Ernest Hausmann (born August 20, 2003) is an American football linebacker for Michigan. A native of Uganda, he played college football for Nebraska in 2022 and entered the NCAA transfer portal after the 2022 season.

Early years and high school career
Hausmann was born in Uganda in 2003. His parents, Olive and Paul, were poor, suffered from AIDS, and had 12 to 15 children. They decided to allow an American couple, Robert and Teresa Hausmann, to adopt Ernest. After a two-year adoption and immigration process, Ernest joined the Hausmanns in Nebraska at age five in 2008.

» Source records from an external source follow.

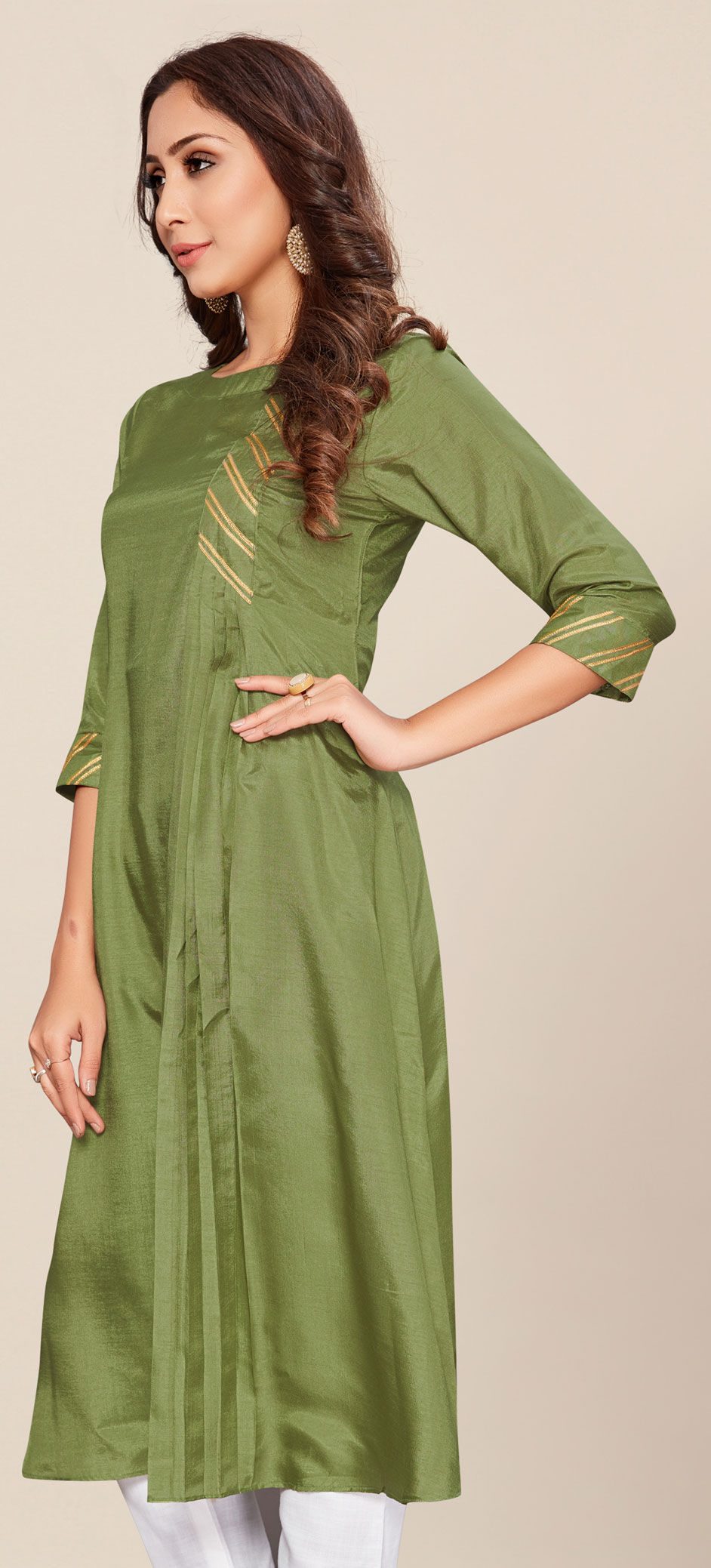 in Green with Pleats work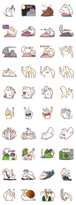 うさぎと犬のハーフ、きなこもちのスタンプ第5段。なつっぽいのから、そうでもないものまで揃えてみました。かにこう より発売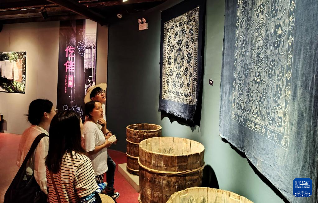 7月16日,游客在铜仁市石阡县万寿广场参观非遗博物馆。新华社发(宁坚 摄)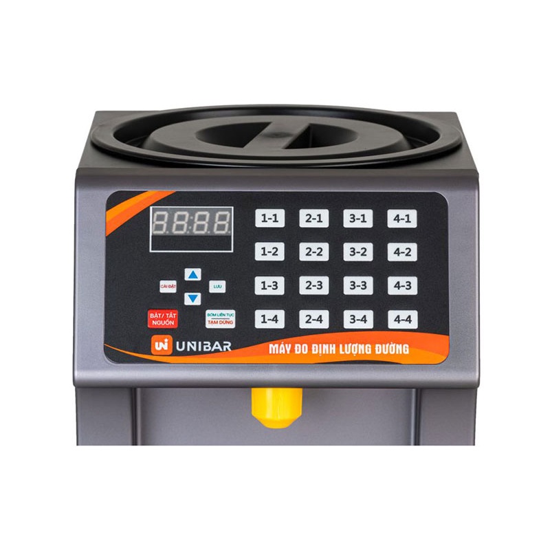 MÁY ĐO ĐỊNH LƯỢNG ĐƯỜNG UNIBARMáy đo định lượng đường Unibar UB-16 là thiết bị dùng để đong lượng đường nước thông qua cơ chế được cài đặt sẵn trong máy. Đây là sản phẩm không thể thiếu tại các quán trà sữa, cà phê, giải khát,…bởi máy giúp rút ngắn thời gian pha chế, cho ra lượng đường chính xác, từ đó giúp cho từng ly đồ uống luôn giữ được chất lượng tốt nhờ pha chế đúng công thức.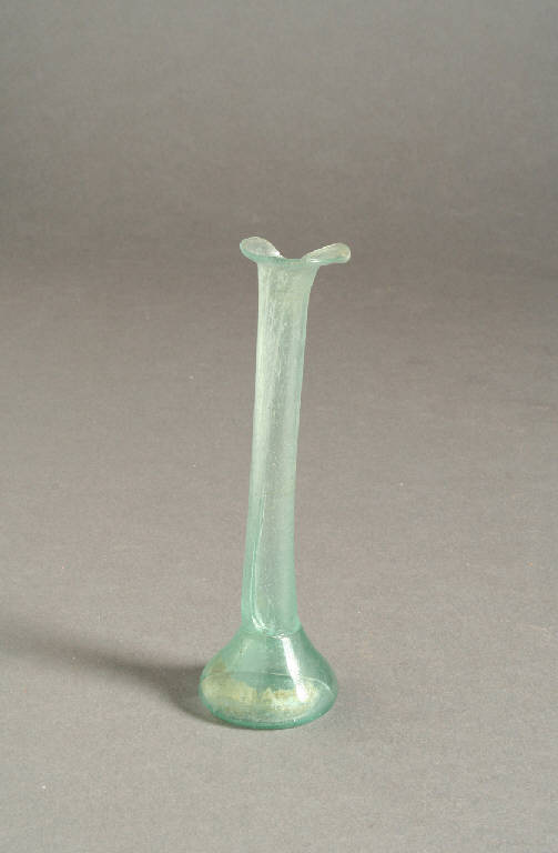 Orlo estroflesso e ripiegato, lungo collo cilindrico, corpo campaniforme schiacciato con strozzatura all'attacco del collo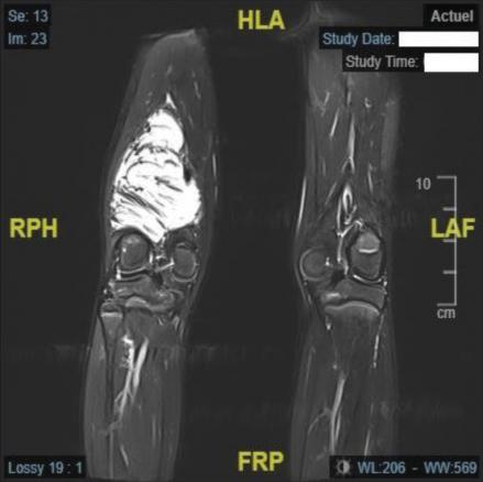 La radiographie montre une volumineuse lésion des parties molles de la région postérieure de la cuisse et du genou droits, à composante mixte partiellement graisseuse.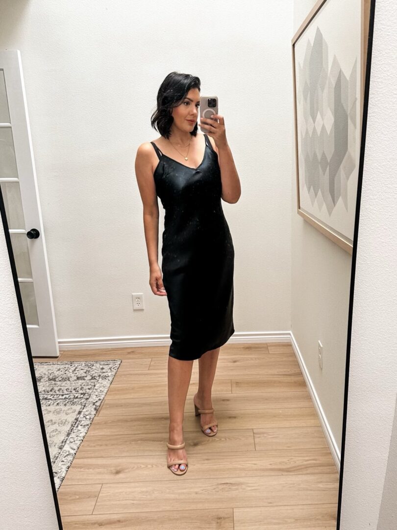If you are looking for a silk dress option, this one is a great find. The fabric is a touch thicker than their skirts and keeps its shape well. I’m in the large, perfect fit for 8/10. Find it on sale here!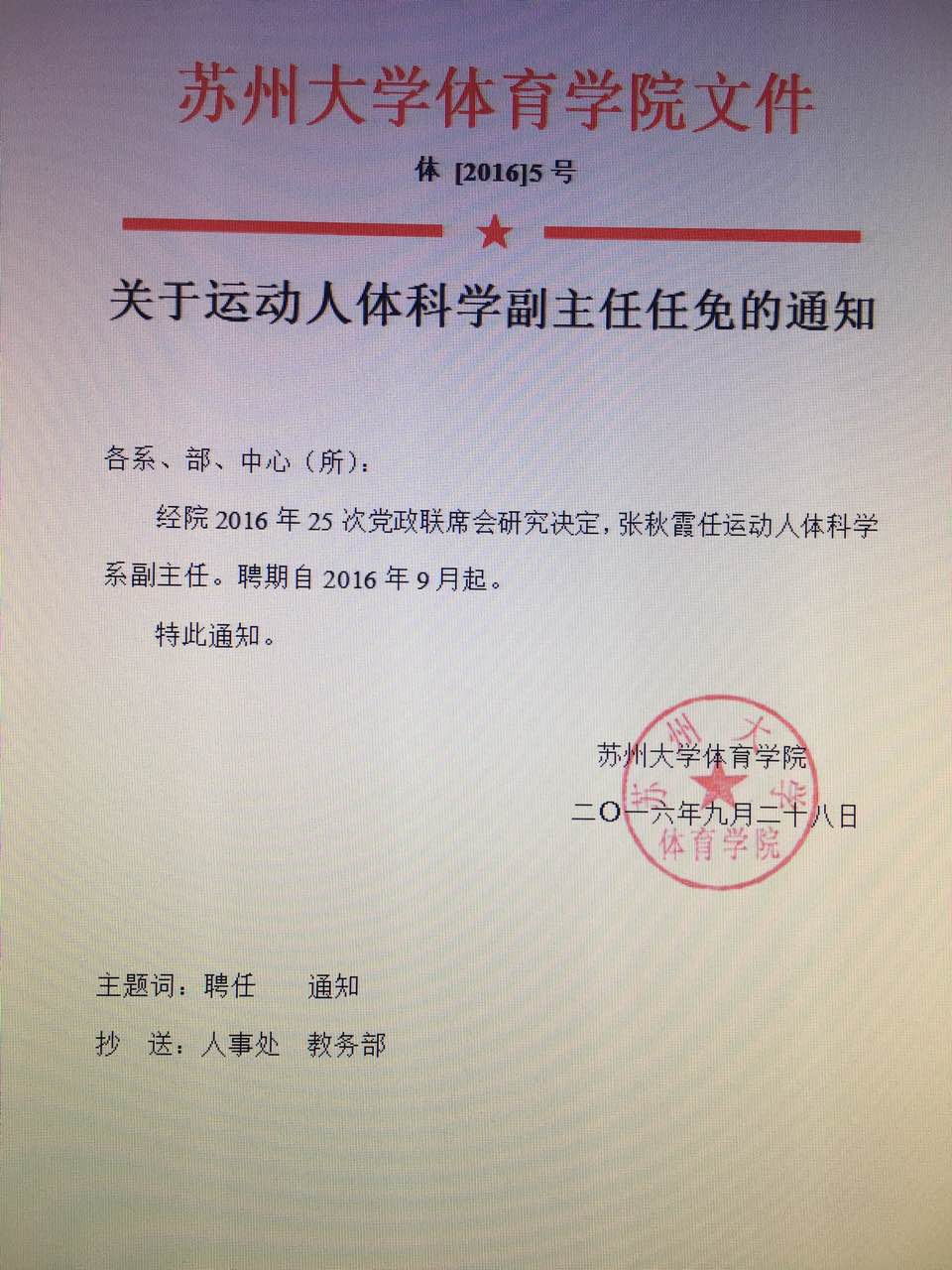 关于张秋霞同志任职的通知
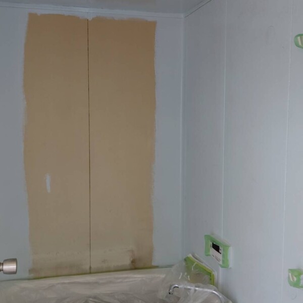 A.W.様宅 ユニットバスの壁、天井の塗装。アクセントに高級感を出すダイノックシート風にシール張り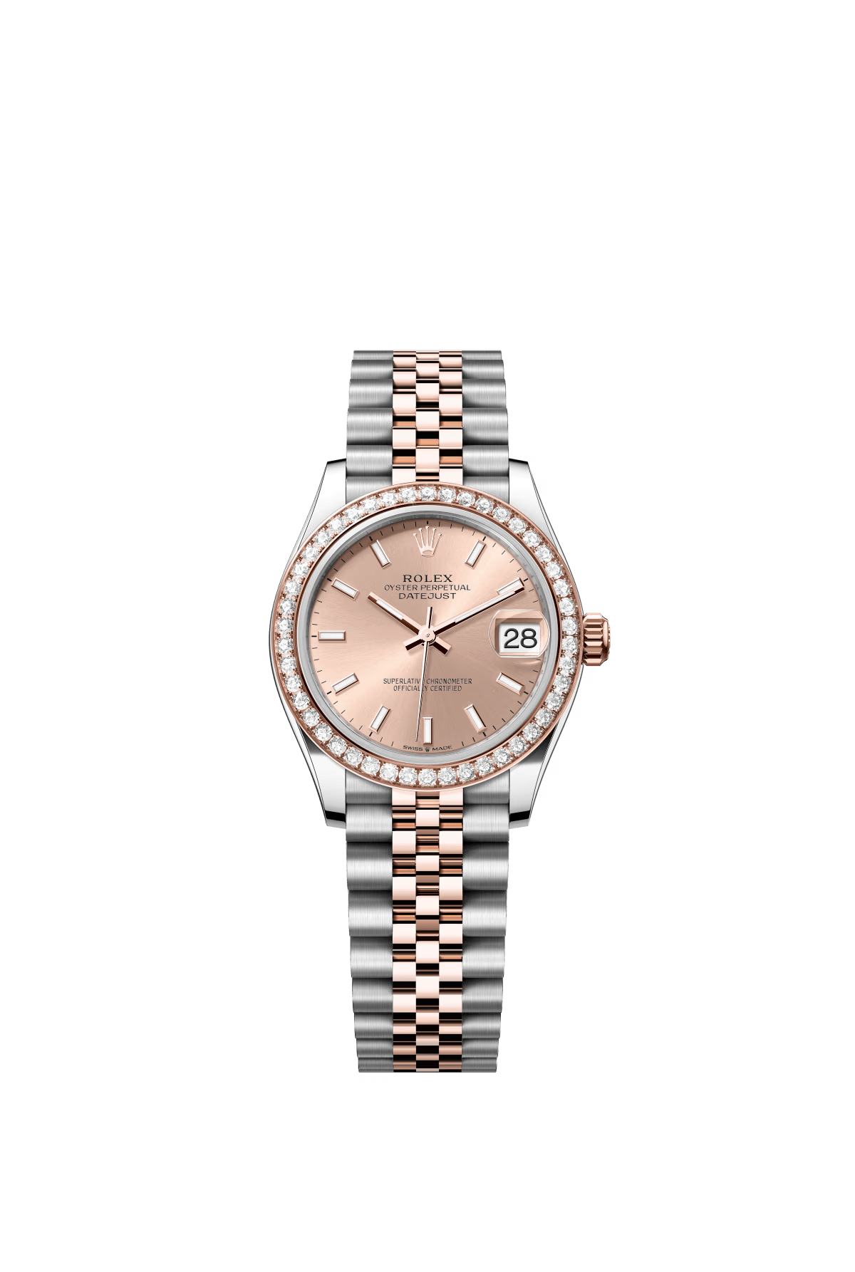 The Oyster Perpetual Datejust 31 is available in Everose gold and Oystersteel with a rose gold-tone diamond-set dial and a Jubilee bracelet. -m278341rbr-0024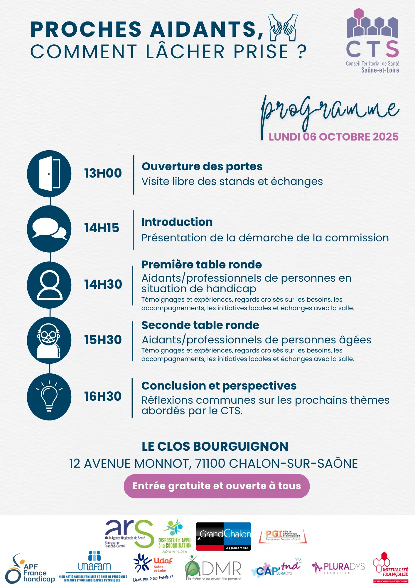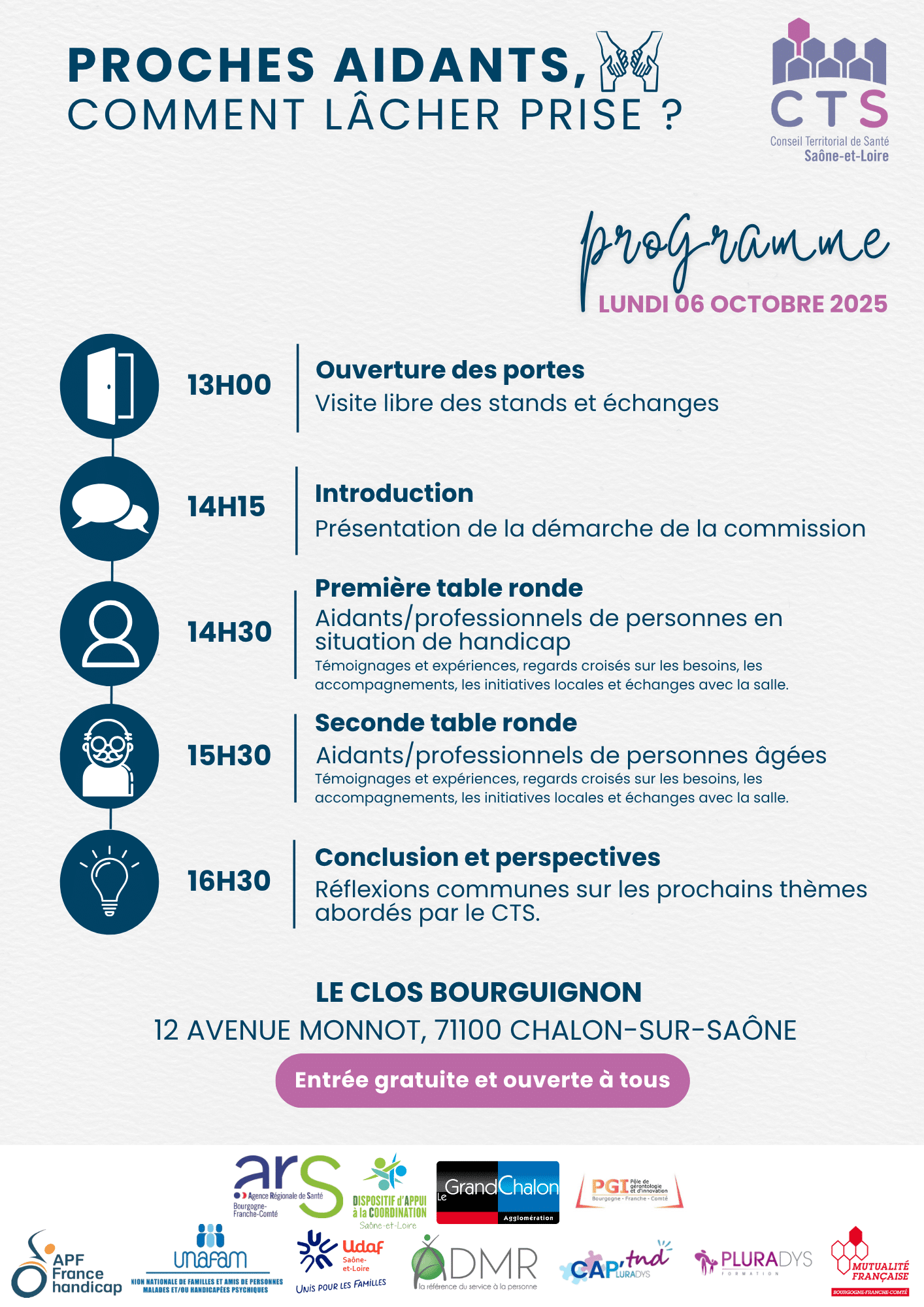 À l’occasion de la Journée nationale des aidants, la Commission des usagers du Conseil Territorial de Santé 71 vous invite à une après-midi d’échanges et de partage :

Hausmann grew up in Columbus, Nebraska, and attended Columbus High School. He played football on both offense as a wide receiver and on defense as a cornerback and linebacker. As a senior, he tallied 80 tackles on defense and 600 receiving yards and nine touchdowns.

College football

Nebraska
Hausmann received a scholarship offer from Nebraska in November 2020. He signed his commitment to Nebraska in December 2021.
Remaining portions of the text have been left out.